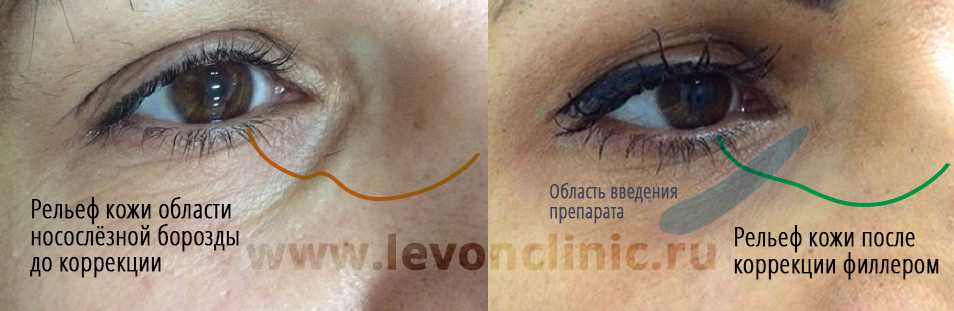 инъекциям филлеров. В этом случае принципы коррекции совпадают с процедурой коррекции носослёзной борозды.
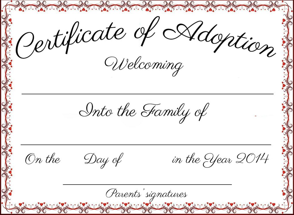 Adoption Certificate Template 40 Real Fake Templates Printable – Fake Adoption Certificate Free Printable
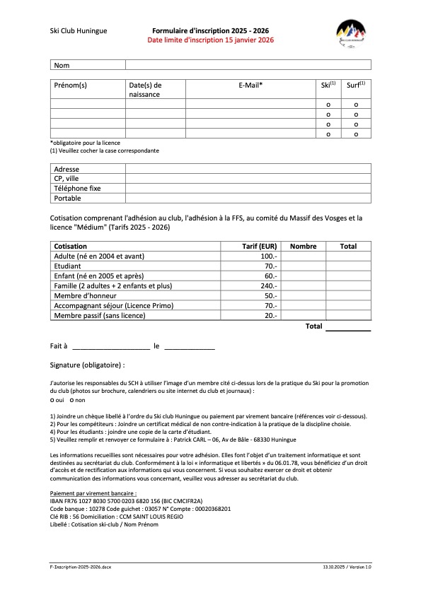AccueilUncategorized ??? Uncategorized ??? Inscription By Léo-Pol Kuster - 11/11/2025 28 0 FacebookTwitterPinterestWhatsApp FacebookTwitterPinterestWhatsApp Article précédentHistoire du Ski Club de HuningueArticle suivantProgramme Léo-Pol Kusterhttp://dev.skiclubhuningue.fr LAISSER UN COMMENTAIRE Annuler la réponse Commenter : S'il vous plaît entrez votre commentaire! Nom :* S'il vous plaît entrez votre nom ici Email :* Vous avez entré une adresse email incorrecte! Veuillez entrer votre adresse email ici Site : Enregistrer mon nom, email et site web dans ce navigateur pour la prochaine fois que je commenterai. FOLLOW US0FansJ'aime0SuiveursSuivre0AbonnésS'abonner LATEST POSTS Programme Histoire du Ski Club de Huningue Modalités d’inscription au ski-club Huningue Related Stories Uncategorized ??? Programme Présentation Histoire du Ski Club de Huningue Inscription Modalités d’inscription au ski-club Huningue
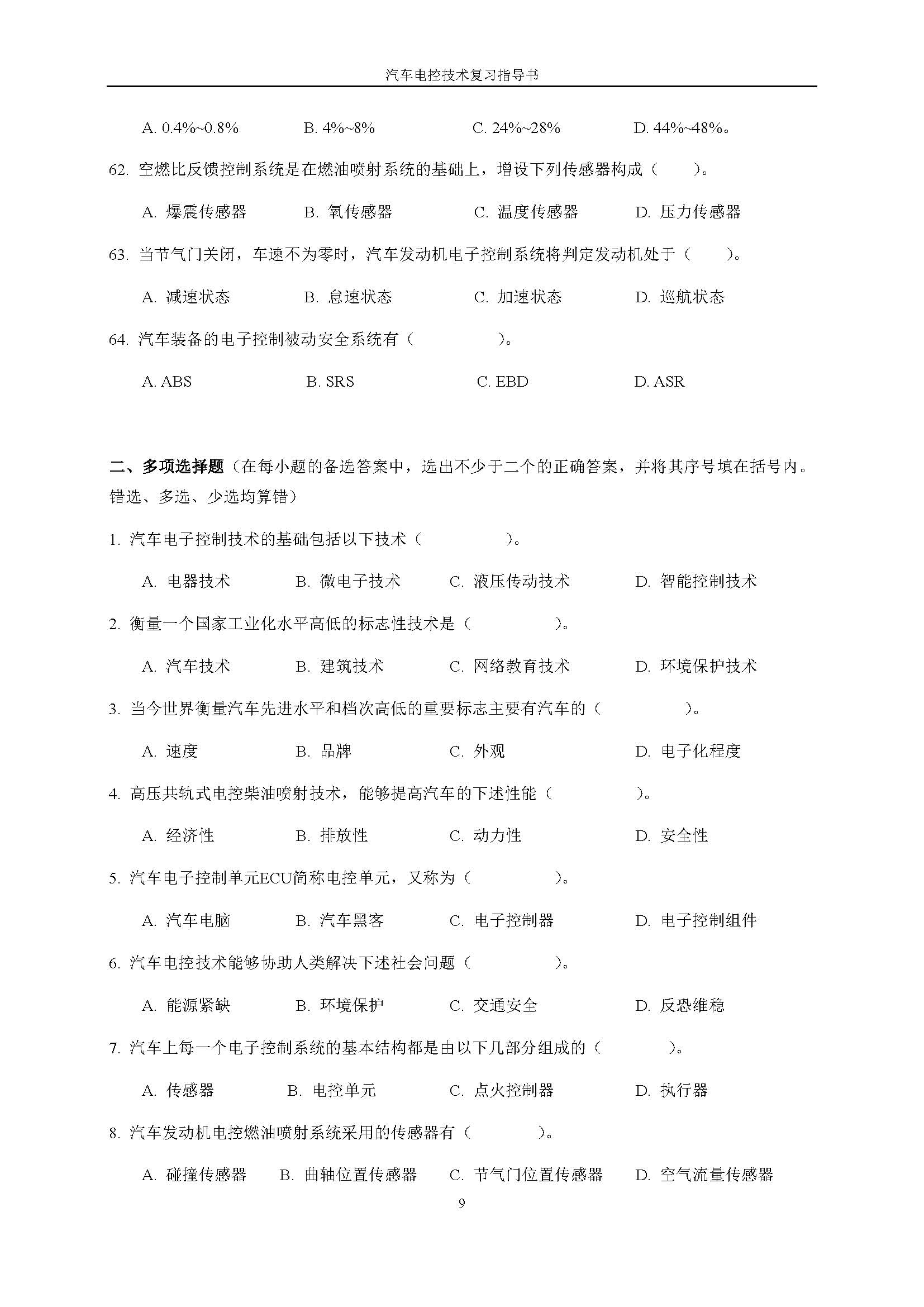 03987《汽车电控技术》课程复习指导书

--

## [Task directions]
Pictures aside, reproduce all of the data exactly.

## [Expected output]
 инъекциям филлеров. В этом случае принципы коррекции совпадают с процедурой коррекции носослёзной борозды.
 Adoption Certificate Template 40 Real Fake Templates Printable – Fake Adoption Certificate Free Printable
AccueilUncategorized ??? Uncategorized ??? Inscription By Léo-Pol Kuster - 11/11/2025 28 0 FacebookTwitterPinterestWhatsApp FacebookTwitterPinterestWhatsApp Article précédentHistoire du Ski Club de HuningueArticle suivantProgramme Léo-Pol Kusterhttp://dev.skiclubhuningue.fr LAISSER UN COMMENTAIRE Annuler la réponse Commenter : S'il vous plaît entrez votre commentaire! Nom :* S'il vous plaît entrez votre nom ici Email :* Vous avez entré une adresse email incorrecte! Veuillez entrer votre adresse email ici Site : Enregistrer mon nom, email et site web dans ce navigateur pour la prochaine fois que je commenterai. FOLLOW US0FansJ'aime0SuiveursSuivre0AbonnésS'abonner LATEST POSTS Programme Histoire du Ski Club de Huningue Modalités d’inscription au ski-club Huningue Related Stories Uncategorized ??? Programme Présentation Histoire du Ski Club de Huningue Inscription Modalités d’inscription au ski-club Huningue
 03987《汽车电控技术》课程复习指导书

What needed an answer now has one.